Saavy pit calls by Rogers in the waning laps of the race put Busch up with the race leaders, where he finished a remarkable sixth place given the condition of his race car. It was his sixth career top-10 finish at Darlington.
"I guess we should be happy with sixth considering how we could have finished,” said Busch in a post-race interview. "I’m a little disappointed because I really feel like we should have gotten fourth, but we seemed to always be behind one of the cars spinning the tires on the restarts at the end. It’s a top-10, which is good going into the off week."
Indeed it was a good weekend for Busch, who sits comfortably in sixth place in driver points with one win (Auto Club Speedway) after eight races.
Loser: Is Stenhouse Jr. One Huge Disappointment in 2014 ?
Once seen as a replacement for Matt Kenseth, whose number he inherited, Ricky Stenhouse Jr. hasn’t delivered on the promise of just a couple of years ago.
After capturing two consecutive NASCAR Nationwide Series titles for Roush Fenway Racing (2011-2012), Stenhouse Jr. appeared destined for success. But since his debut in the Cup Series, his finishes have not been indicative of a former champion.
One could place blame on the cars coming out of RFR, as Stenhouse Jr.’s teammates Carl Edwards and Greg Biffle aren’t having memorable years either, with the exception being Edwards’ win at Bristol last month.
But one has to wonder why Stenhouse Jr. is hanging back in the mid-pack of every race and running a lap down, while coincidentally mirroring the performance of Danica Patrick? Could he be trying to teach her some of the fine intricacies of driving a Sprint Cup car? Or is he being overprotective?
Or is he just a huge bust?
His second-place finish at Bristol, finishing right behind teammate Carl Edwards made sense. It was obvious RFR had the setup for Bristol. But since then, Stenhouse Jr. has floundered mid-field, his 20th-place finish at Darlington an example of his best work. Patrick? She finished 22nd.
This team won’t make it to the Chase on points. It can only hope that all the stars align themselves in perfect harmony, and the No. 17 car ends up in Victory Lane.

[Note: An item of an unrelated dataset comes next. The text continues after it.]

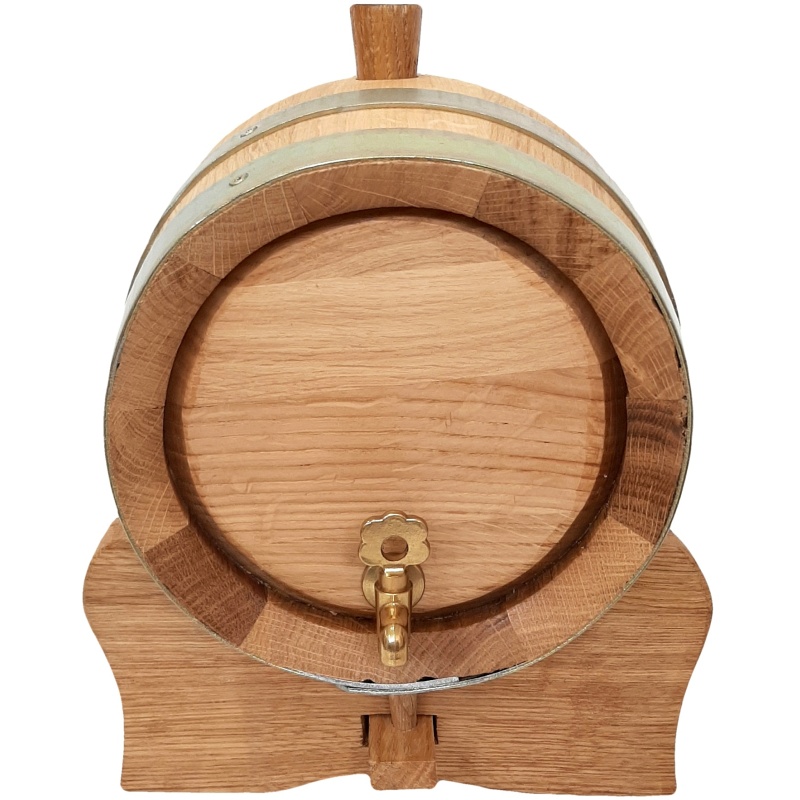Ce fût exceptionnel de 3 litres allie une construction solide en chêne de haute qualité à des façades exclusives en acacia, qui lui confèrent non seulement un aspect unique, mais aussi un profil aromatique intéressant pour la maturation des boissons. Sa finition claire met magnifiquement en valeur le veinage naturel du bois et fait de ce fût un véritable bijou artisanal. Grâce à ses parois en chêne extra-épaisses, le fût possède d'excellentes propriétés isolantes et contribue à la maturation lente et qualitative de vos boissons. Le robinet en laiton et le socle en bois stable complètent l'impression de luxe générale.

Does Jack Roush really see the future of his racing organization lying in the hands and at the feet of this young man?
Winner: 'The Lady in Black' Remains a Elusive, Yet Alluring Date
Full grandstands, great weather and an exciting race finish.
This old track, representing a significant part of NASCAR’s past, showed once more that old doesn’t mean boring and that “The Lady in Black” still is as alluring as she has always been.
The Southern 500 is a long (this year’s edition was just under four hours) and arduous race that leaves drivers, crew chiefs and pit crews exhausted and spent.
Race winner Harvick called it the one race he wanted to win, even if it meant he won no others this season with his new team.
“To come here each year and know that now you only have one shot, but to win the Southern 500 and you look at the names and pictures on that trophy that they have out there (referring to the media center lobby) is something that's pretty phenomenal to be a part of.”
Harvick also made a point of saying in the post-race press conference that the worn out asphalt that covers Darlington’s 1.33-miles is ideal for racing and presents the perfect racing surface.
“Darlington is what it was supposed to be tonight, the cars slipping and sliding and bouncing off the walls and hard to drive. That’s how you want every racetrack to be.”
And while the track may have (temporarily) lost its traditional Labor Day spot on the Sprint Cup schedule, it's lost none of its tough-as-nails charm.
*All quotes in this slideshow are taken from official team and manufacturer media releases unless otherwise stated.